跟着github上的Avik-Jain学习机器学习:
https://github.com/Avik-Jain/100-Days-Of-ML-Code
Day1:初步认识机器学习程序实现方法
学习任务:
加载机器学习常用的库numpy和pandas还有sklearn,学会读取csv文件,csv类的基本操作
数据预处理的基本操作,数据集分割
1.加载机器学习库,读取csv文件及其基本操作
pandas库、sklearn库和numpy库可以用conda安装或者pip安装
conda install pandas/pip install pandas
conda install numpy/pip install numpy
conda install sklearn/pip install sklearn
import numpy as np
import pandas as pd
'''Step1 and Step2. Import the library(numpy, pandas) and read the data in csv'''
#读取csv数据文件
data = pd.read_csv('../100-Days-Of-ML-Code-master/datasets/Data.csv')

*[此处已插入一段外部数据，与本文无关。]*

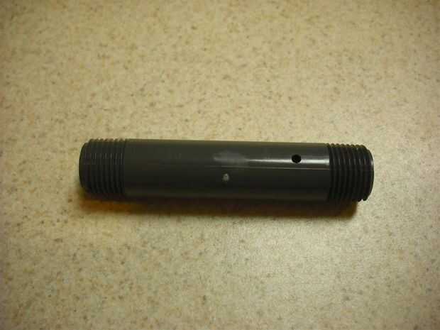 a continuación perfore un orificio de 1/8" en el lado del niple de tubería de PVC de 4"

#获取data的numpy数值(即不包括标签和行数的数据值)
val = data.values
#获取data的维度信息
size = data.shape
#获取data的前n行数据
head = data.head(n=3)
#获取data的列信息
column = data.columns
#获取data指定行的数据
_loc4 = data.loc[:4]#获取前4行
_loc1 = data.loc[1]#获取1行信息
#获取指定行指定列的信息,[行,列]
x = data.iloc[:, :-1].values
y = data.iloc[:, 3].values
2.数据预处理:修复无效数据
使用sklearn库processing中的Imputer
"""Step3. Uses Imputer in sklearn.processing to replace the missing data"""
from sklearn.preprocessing import Imputer, LabelEncoder, OneHotEncoder
#修补的nan用均值代替
imputer = Imputer(missing_values = "NaN", strategy = "mean", axis = 0)

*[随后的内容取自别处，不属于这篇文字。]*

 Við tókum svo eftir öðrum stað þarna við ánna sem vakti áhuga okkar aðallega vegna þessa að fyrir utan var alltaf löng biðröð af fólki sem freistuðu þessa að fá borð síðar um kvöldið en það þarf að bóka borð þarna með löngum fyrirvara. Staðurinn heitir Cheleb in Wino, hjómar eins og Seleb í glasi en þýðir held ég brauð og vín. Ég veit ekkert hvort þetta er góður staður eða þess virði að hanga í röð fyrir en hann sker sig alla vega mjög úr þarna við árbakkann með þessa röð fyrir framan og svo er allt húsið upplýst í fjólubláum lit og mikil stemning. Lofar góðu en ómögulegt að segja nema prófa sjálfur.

imputer = imputer.fit(x[ : , 1:3])
x[ : , 1:3] = imputer.transform(x[ : , 1:3])
3.数据预处理:对标签信息编码
使用sklearn库processing中的LabelEncoder和OneHotEncoder
"""Step4. Uses LabelEncoder and OneHotEncoder,encoder the label"""
labelencoder_X = LabelEncoder()
#先将类别标签编码为0,1,2,...(例如国家类别,France->0,Spain->1, Germany->2)

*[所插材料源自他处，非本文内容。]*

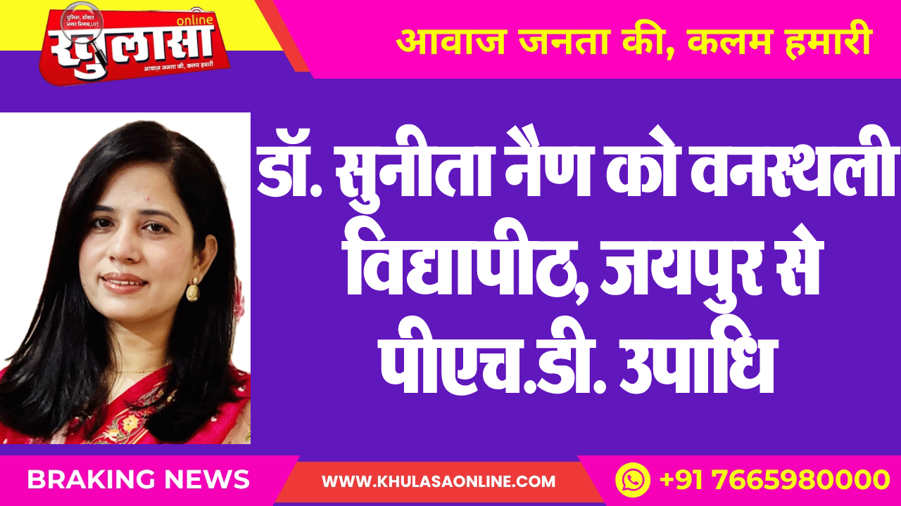 डॉ. सुनीता नैण को वनस्थली विद्यापीठ, जयपुर से पीएच.डी. उपाधि

x[:, 0] = labelencoder_X.fit_transform(x[:, 0])
#再将labelencoder编码成onehot编码,即001,010,100...
onehotencoder = OneHotEncoder(categorical_features=[0])
x = onehotencoder.fit_transform(x).toarray()
labelencoder_Y = LabelEncoder()
Y = labelencoder_Y.fit_transform(y)
4.数据集分割:按比例分成训练集和测试集
"""Step5. Splitting the datasets into training sets and Test sets"""
#train_test_split在有的版本里由sklearn.sklearn.model_selection提供
#在某些版本里由sklearn.cross_validation提供
#test_size是测试集占比
from sklearn.model_selection import train_test_split
x_train, x_test, y_train, y_test = train_test_split(x, Y, test_size=0.2, random_state=0)
5.数据预处理:去均值化
"""Step6. Feature Scaling, (x-x_mean)/x_std, in column(attributes)"""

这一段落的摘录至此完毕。